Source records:
Segment Open

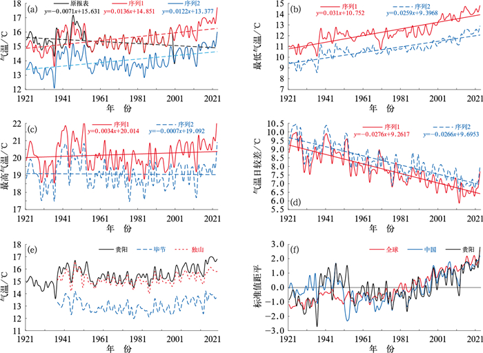 图 6 1921—2023年贵阳(a)气温,(b)最低气温,(c)最高气温,(d)气温日较差序列1和序列2,(e)1937—2020年贵阳站、毕节站、独山站气温,(f)1921—2023年贵阳、中国、全球气温标准值距平(以1970—1999年为基准值) Fig. 6 Guiyang temperature series 1 and series 2 from 1921 to 2023: (a) temperature, (b) minimum temperature, (c) maximum temperature, (d) diurnal temperature range, (e) temperature series of Guiyang, Bijie and Dushan stations from 1937 to 2020, (f) standard value anomaly of temperatures in Guiyang, China and the whole globe from 1921 to 2023 (with 1970-1999 as the base period) |
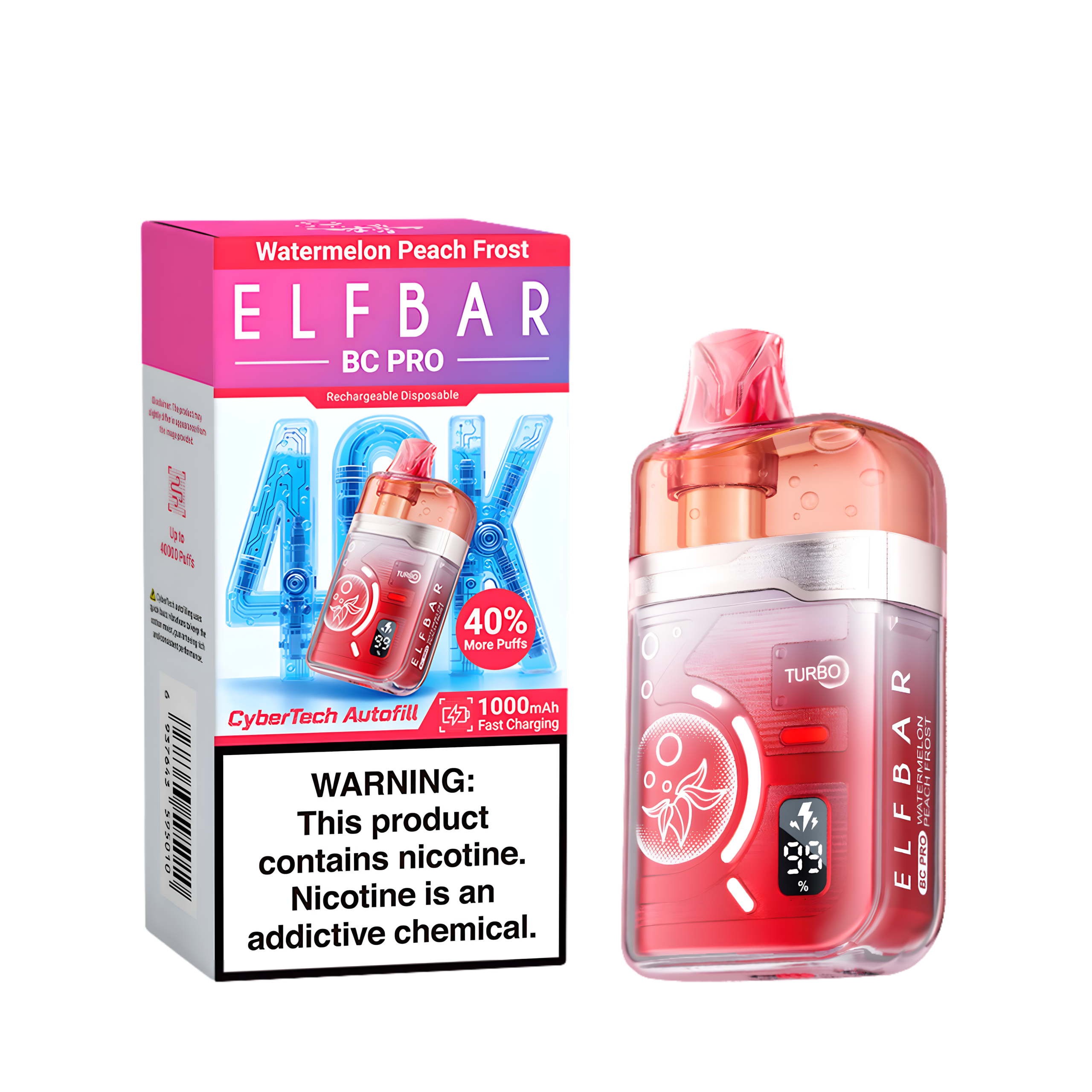 ELF BAR BC40000 PRO WATERMELON PEACH FROST 5% RECHARGEABLE
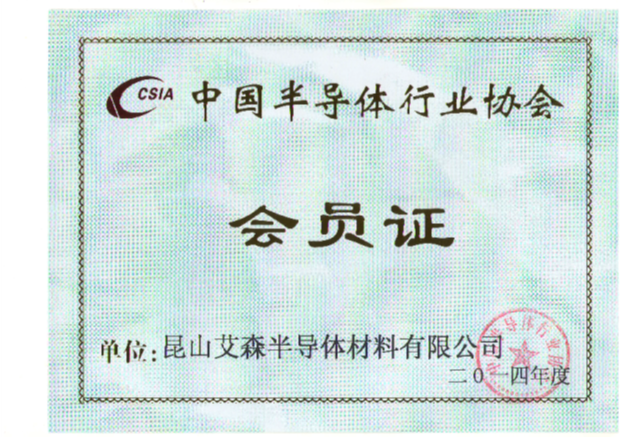 昆山艾森半導(dǎo)體材料有限公司成為昆山市半導(dǎo)體行業(yè)協(xié)會副會長單位。
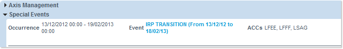 This Portlet allows you to view all the details for the queried ACC. An autosuggest mechanism will propose you, in a range gradually narrowing as you type in, all matching ACCs identified in the ACC plan whose display period include the current portal UTC date:
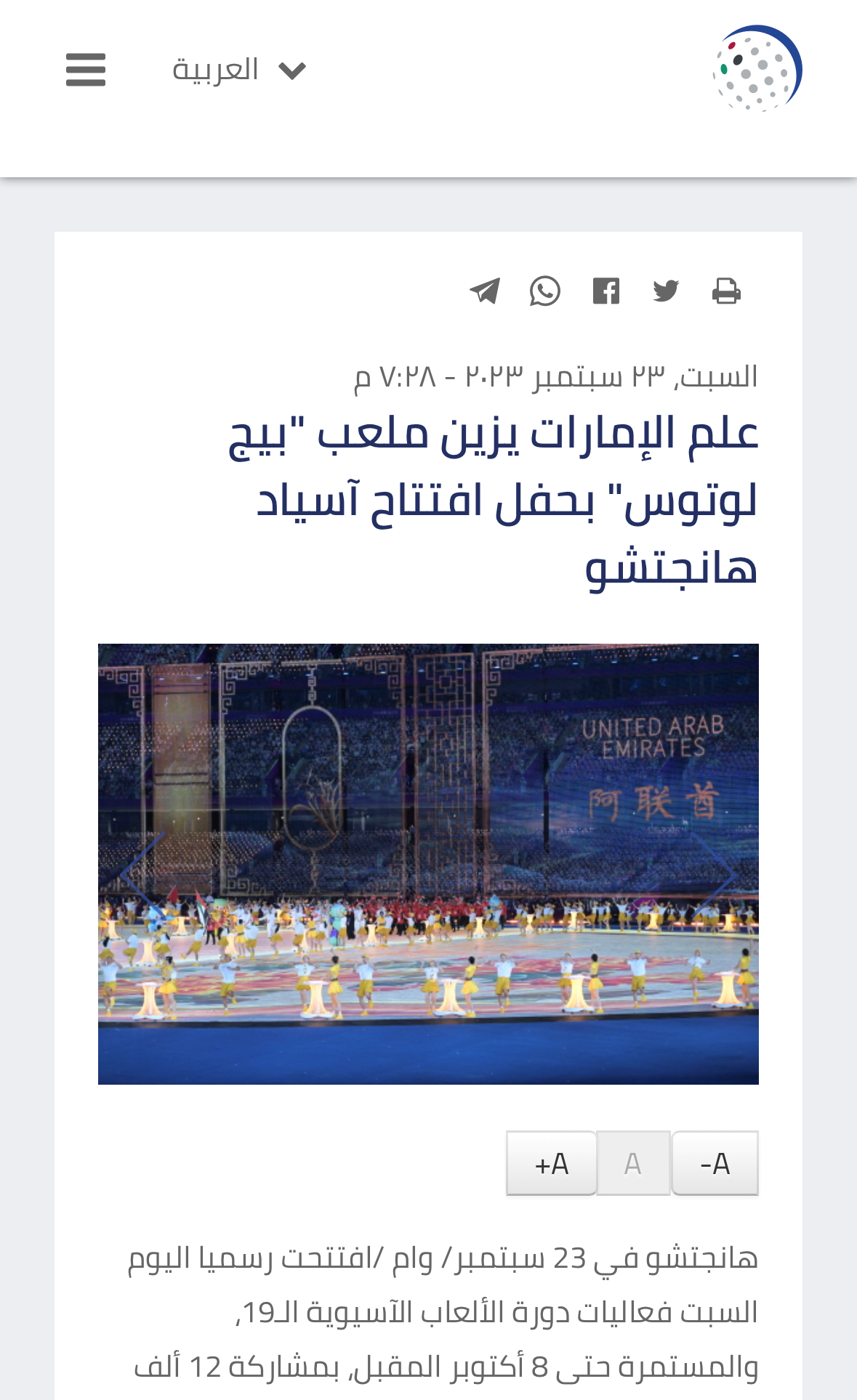 同樣在23日,阿聯(lián)酋國(guó)家通訊社(Emirates News Agency)發(fā)表題為《阿聯(lián)酋國(guó)旗點(diǎn)綴杭州亞運(yùn)會(huì)“大蓮花”體育場(chǎng)》的報(bào)道。報(bào)道稱,中國(guó)國(guó)家主席習(xí)近平當(dāng)晚宣布了亞運(yùn)會(huì)的開幕。杭州亞運(yùn)會(huì)的開幕式精彩紛呈,突出展現(xiàn)了主辦國(guó)的文化遺產(chǎn),重點(diǎn)關(guān)注可持續(xù)發(fā)展和環(huán)境保護(hù)領(lǐng)域的實(shí)踐,同時(shí)凸顯古代文明獨(dú)有的特征。杭州亞運(yùn)會(huì)的舉辦正是收獲果實(shí)、收獲喜悅的時(shí)刻,東道主將與亞洲各國(guó)來(lái)賓共同分享。

Segment Closed

Needed here is a verbatim copy of the data from the first line through the line with "This Portlet allows you", without pictures.

 图 6 1921—2023年贵阳(a)气温,(b)最低气温,(c)最高气温,(d)气温日较差序列1和序列2,(e)1937—2020年贵阳站、毕节站、独山站气温,(f)1921—2023年贵阳、中国、全球气温标准值距平(以1970—1999年为基准值) Fig. 6 Guiyang temperature series 1 and series 2 from 1921 to 2023: (a) temperature, (b) minimum temperature, (c) maximum temperature, (d) diurnal temperature range, (e) temperature series of Guiyang, Bijie and Dushan stations from 1937 to 2020, (f) standard value anomaly of temperatures in Guiyang, China and the whole globe from 1921 to 2023 (with 1970-1999 as the base period) |
 ELF BAR BC40000 PRO WATERMELON PEACH FROST 5% RECHARGEABLE
 昆山艾森半導(dǎo)體材料有限公司成為昆山市半導(dǎo)體行業(yè)協(xié)會副會長單位。
 This Portlet allows you to view all the details for the queried ACC. An autosuggest mechanism will propose you, in a range gradually narrowing as you type in, all matching ACCs identified in the ACC plan whose display period include the current portal UTC date:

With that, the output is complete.